Il campionario è eterogeneo: in esso, ad alcune voci in effetti rare, se ne affiancano altre di più convenzionale letterarietà. Esso suggerisce, però, che una delle strategie con cui Ripellino può ottenere l’escursione verso l’alto è l’opzione degli allomorfi meno frequenti. Si sono citati minaccevole e spassevole (preferiti a *minaccioso e *spassoso); e si considerino ora alcuni suffissati in –mento (apparimento 255; distruggimento 313; ingannamento 7; recitamento 258) e in –oso (intricoso 297; malinconioso 10, 78; tossicoso 9), dei quali è agevole ricostruire la variante virtuale.
A parte va dato conto di alcuni lessemi non attestati dai dizionari perché poco comuni o perché franche iniziative d’autore:
sostantivi: ammansimento 235; amputatore 117; annodacapestri 226; arcanità 10; argentovivo 23; canitudine 264; catoptromante 131; demonía 12, 41, 67, 82, 217; frittatta ovvero ‘pasticcione’ 284; inutilezza 95, 99; putridezza 200; rubacavalli 288; tavernicolo 300; teatromane 349; tempellío 229;
aggettivi: fungario 345; ingermanito 45; orfanile 268; panotticale 225, 296; rampicoso 256; salterello 331; sgocciaboccali 311; talmudiano 159;
verbi: negricare 269 (retroformazione da negricante).

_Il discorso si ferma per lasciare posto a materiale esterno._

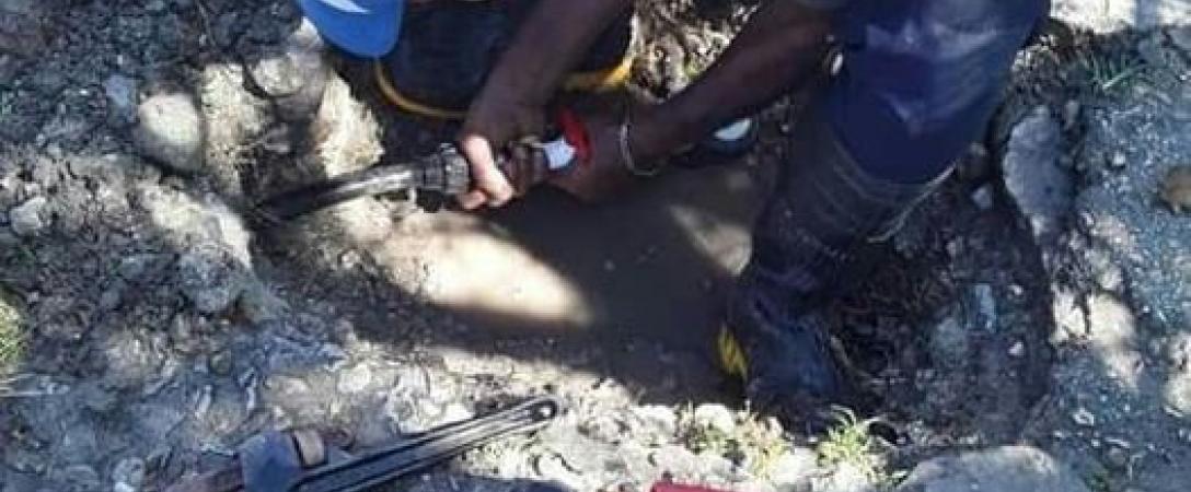 Base de Metraje elimina salidero en la conexión del metro contador en calle Primelles 643 e/ Vía Blanca y Fomento Consejo Popular Palatino, municipio Cerro.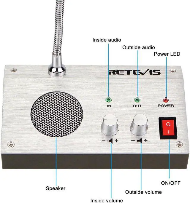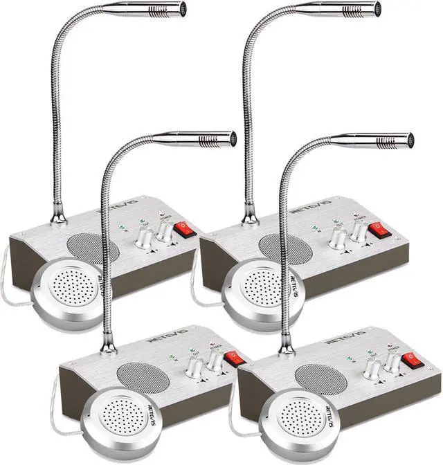 What's in box: 4 x Retevis RT-9908 counter interphone 4 x External speaker 4 x

Si può osservare che annodacapestri, rubacavalli e sgocciaboccali sono composti verbo+nome che ricordano lo stile di Pietro Aretino (né in Praga magica mancano, a questo e ad altri livelli, certificabili riprese aretiniane)[12]. Si tratta di epiteti che definiscono polemicamente alcuni tipi umani e che si fondano sull’accostamento di due termini: di norma, uno di questi è diafasicamente marcato verso il basso.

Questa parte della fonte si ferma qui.